• **COLLECTED MATERIAL**
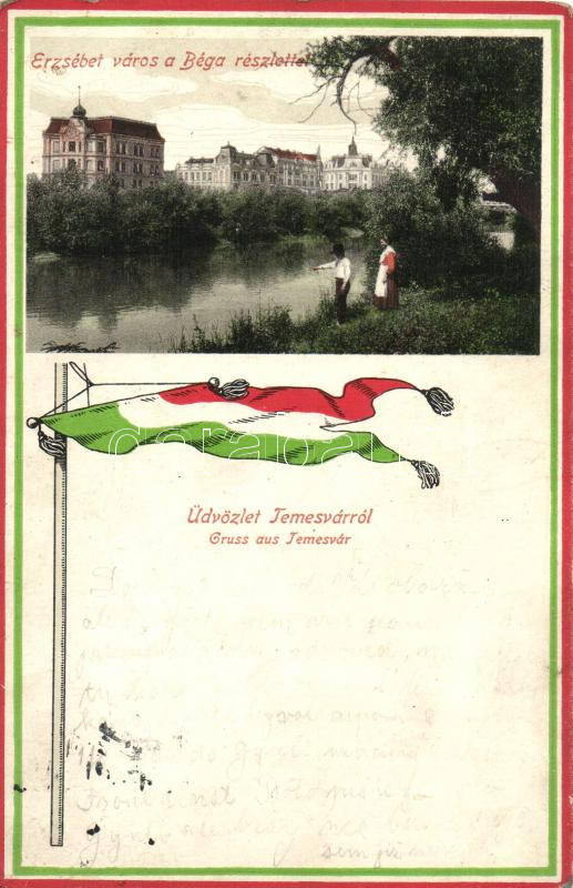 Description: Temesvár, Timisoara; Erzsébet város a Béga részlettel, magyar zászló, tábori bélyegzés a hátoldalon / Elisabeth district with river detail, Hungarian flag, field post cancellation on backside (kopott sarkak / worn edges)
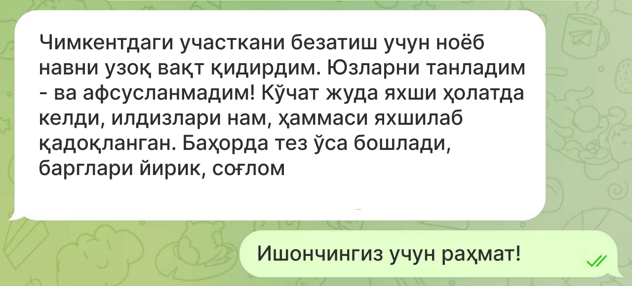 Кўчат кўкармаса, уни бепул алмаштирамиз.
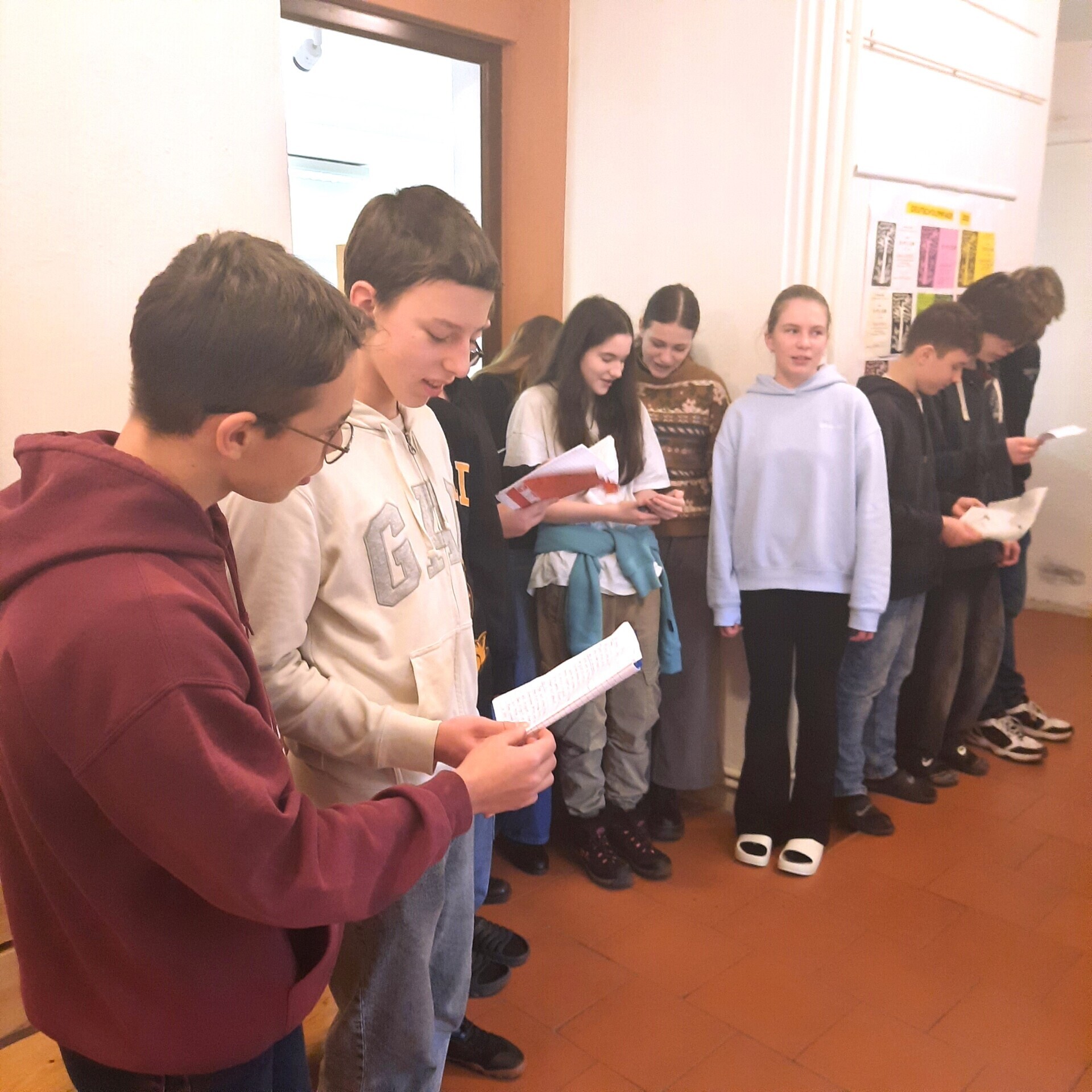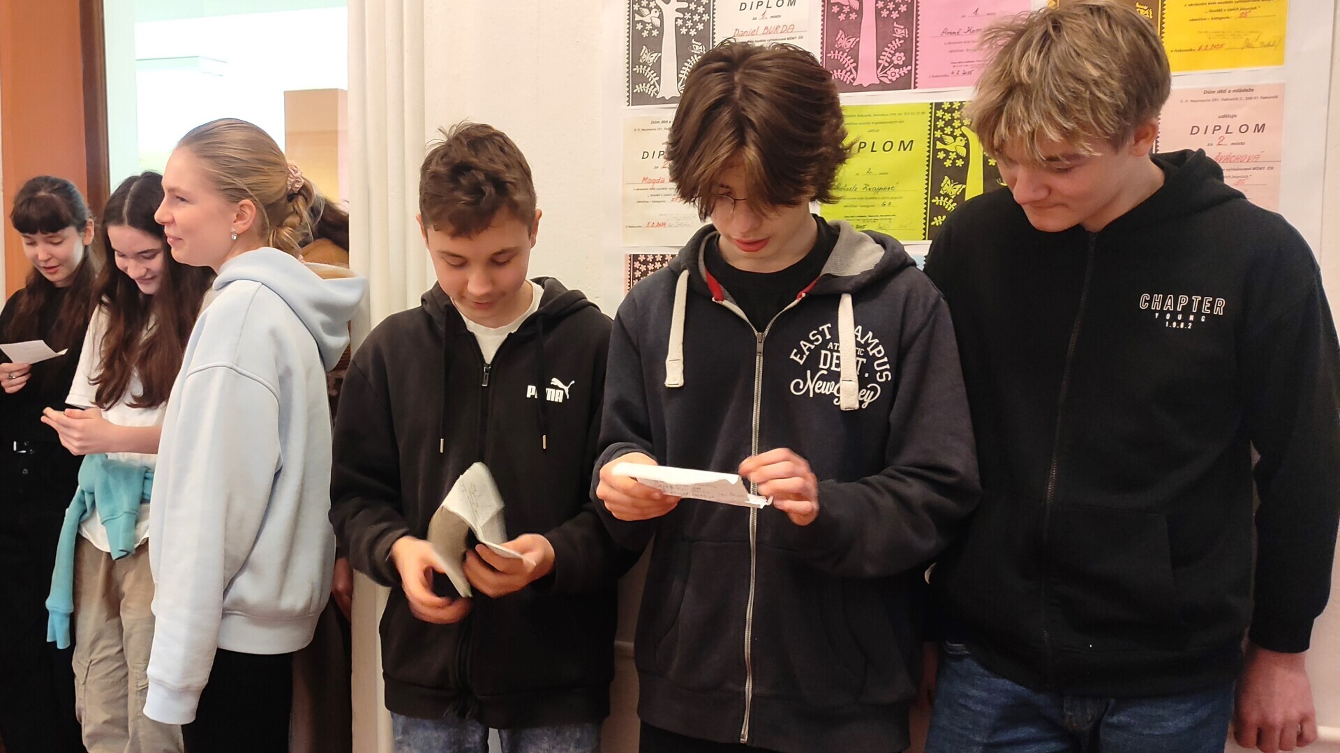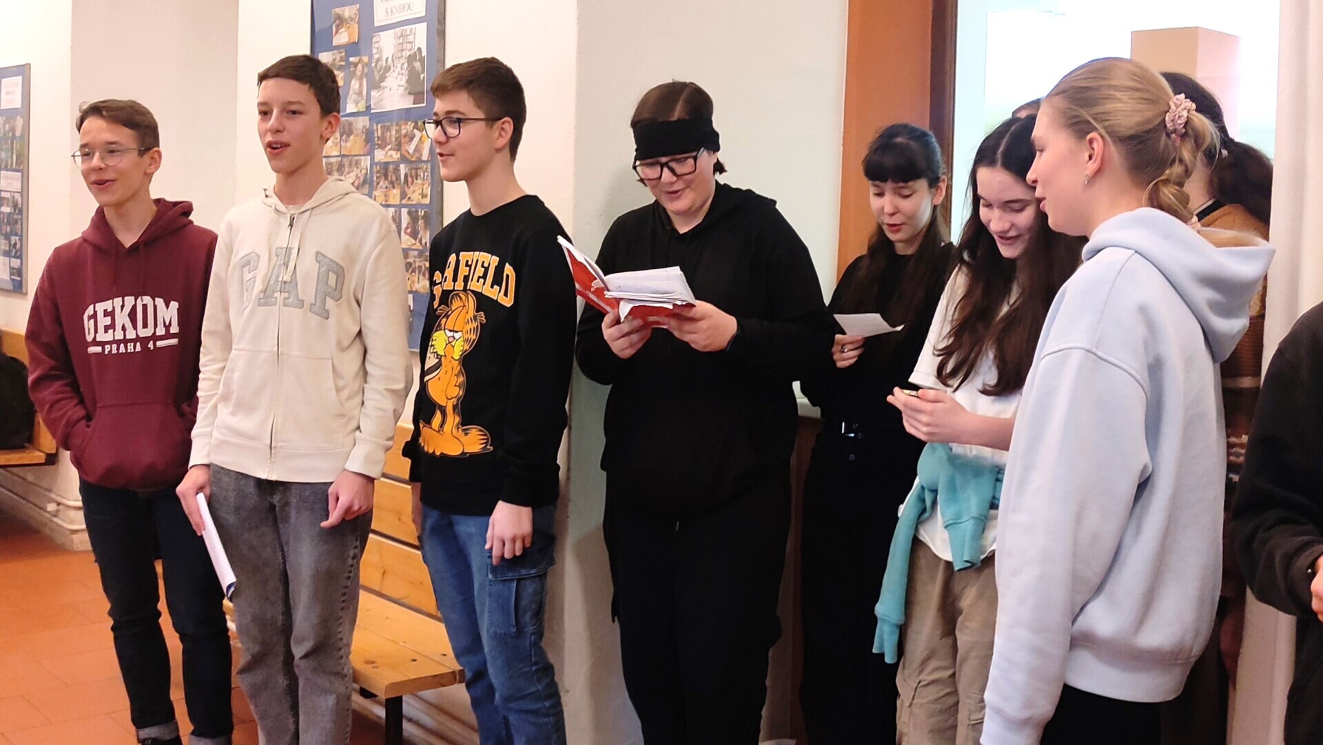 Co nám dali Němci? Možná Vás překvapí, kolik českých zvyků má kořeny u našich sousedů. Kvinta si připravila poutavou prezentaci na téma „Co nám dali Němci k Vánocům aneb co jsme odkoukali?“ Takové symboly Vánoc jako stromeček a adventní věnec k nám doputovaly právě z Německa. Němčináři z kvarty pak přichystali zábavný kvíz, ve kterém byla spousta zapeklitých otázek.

• **ACTION ITEM**
Please return exactly the lines from the one containing "Кўчат кўкармаса, уни бепул алмаштирамиз." through the end of the material above, both ends included, but not the pictures.

• **RESULT OF THIS EXERCISE**
 Кўчат кўкармаса, уни бепул алмаштирамиз.
 Co nám dali Němci? Možná Vás překvapí, kolik českých zvyků má kořeny u našich sousedů. Kvinta si připravila poutavou prezentaci na téma „Co nám dali Němci k Vánocům aneb co jsme odkoukali?“ Takové symboly Vánoc jako stromeček a adventní věnec k nám doputovaly právě z Německa. Němčináři z kvarty pak přichystali zábavný kvíz, ve kterém byla spousta zapeklitých otázek.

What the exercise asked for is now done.